Now, as for why they don't hit anything... For some time everyone was limited to low-warp in our neck of the woods. Or, more specifically, warp jumps. You scan out as far as you can to make sure your path is free of significant obstacles, warp out to the edge of that range, stop, do another scan, etc. Limits the effective range of colonization and commerce. Had to wait until FTL-boosted computers and sensors came along. That then created the demand for faster ships, etc. The main long-range sensor is still oriented along the flight path, because that's where you need to be able to see the furthest, so as to not have already hit something by the time you see it.
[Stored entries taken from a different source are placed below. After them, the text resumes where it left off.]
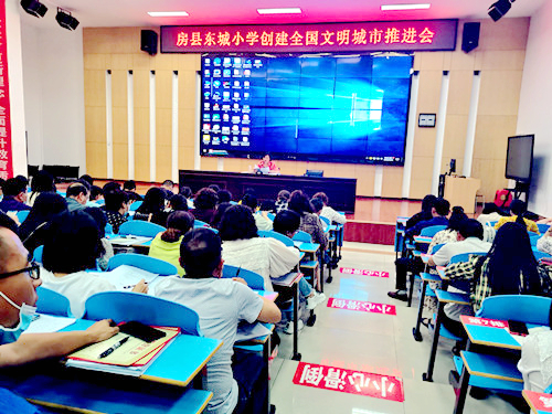 今日房縣網訊 通訊員李英 冀曼 報道: 5月23日,房縣東城小學組織召開創建全國文明城市推進會,對該校創文工作進行再動員、再部署,對落實責任、加快整改提出要求。
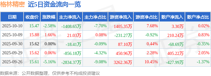 证券之星消息,截至2025年10月10日收盘,格林精密(300968)报收于15.47元,下跌2.58%,换手率2.86%,成交量11.82万手,成交额1.83亿元。
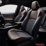 まずはドアトリムオーナメント。ひじ掛けを挟んで上下にダイヤモンド形状を細かく入れた。ドアインナーハンドル部分もダイヤモンド形状だ。そしてクルマに乗り込み天井へ目をやると、ここにもダイヤモンド。アシストグリップ周辺もダイヤモンド型にくぼんでいる。
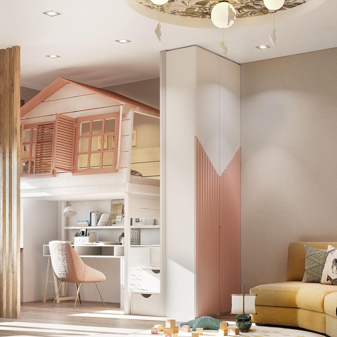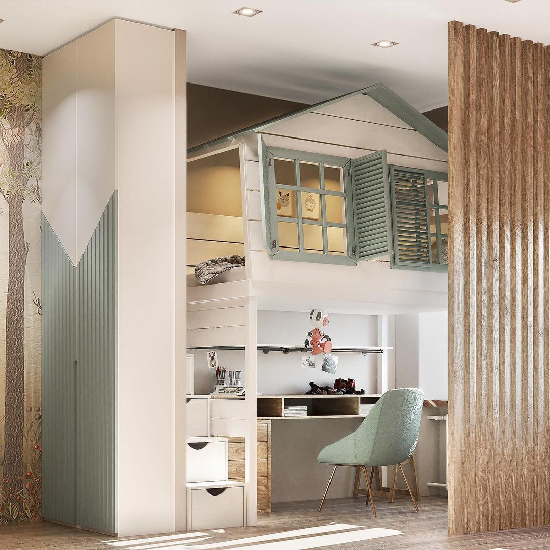«Это детская комната для маленьких брата и сестры в квартире старого фонда в Санкт-Петербурге, — рассказывает дизайнер этого проекта Анна, — Нужно было предусмотреть как личные рабочие места, так и общую игровую зону».
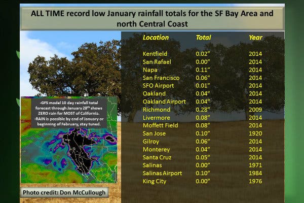 Here’s a list of record lowest January rainfall totals for area climate sites, many were set just last year.

That parabolic dish also generates a set of "nested-bubble" passive deflector fields that catch subatomic particles, ionized gas and other interstellar media and shunt them out of the flight path. For larger objects, there are the active deflector beams that are projected way out ahead to move aside meteoroids and other macro-scale objects. If it's bigger than a certain size, the ship just tweaks its course around the object -- originally manually, later automatically but with organic redundancy (a conn officer monitoring the forward sweeps). On the TOS and TMP
Enterprise, the deflector emitters are those three boxy structures flanking the main sensor dish. On the
Excelsior, they're the two greeblied inserts in the ship's neck, above the dish. From the
Ambassador class on, a few things changed.
The active deflectors are incorporated into the main long-range sensor, which also has more range and sensitivity, the computers are faster and can cope with more sensor data at high speed. And the impulse engines now have their own "warp coils" to lower the ship's inertial mass so smaller impulse engines can push a big ship. I love the
Voyager for basically being the ultimate expression of what Gene was going for with the
Enterprise-D -- refinement, amplification, miniaturization. Andy Probert designed the TNG
Enterprise with smaller engines for the vessel's size than the original at Gene's behest to show this progress (even though Gene later had him add a little bit back on to the engines' back ends). I only wish Rick's vision of
Voyager's engines was practicable at the time -- partly for maximum warp field efficiency and partly to mitigate the erosive effect of warp fields on the subspace-realspace "barrier", the engines were supposed to move in flight. Lower for lower warp, higher for higher warp, shifting slightly at warp to adjust for local variation in field strength, etc. And, frankly, I wish they only ever went full horizontal when the ship was landing. Woulda been a nice surprise to keep for further into the show.
A bit of an essay, I know, but you have to know
how the drive system works before you can address how it interacts with physical objects around the ship.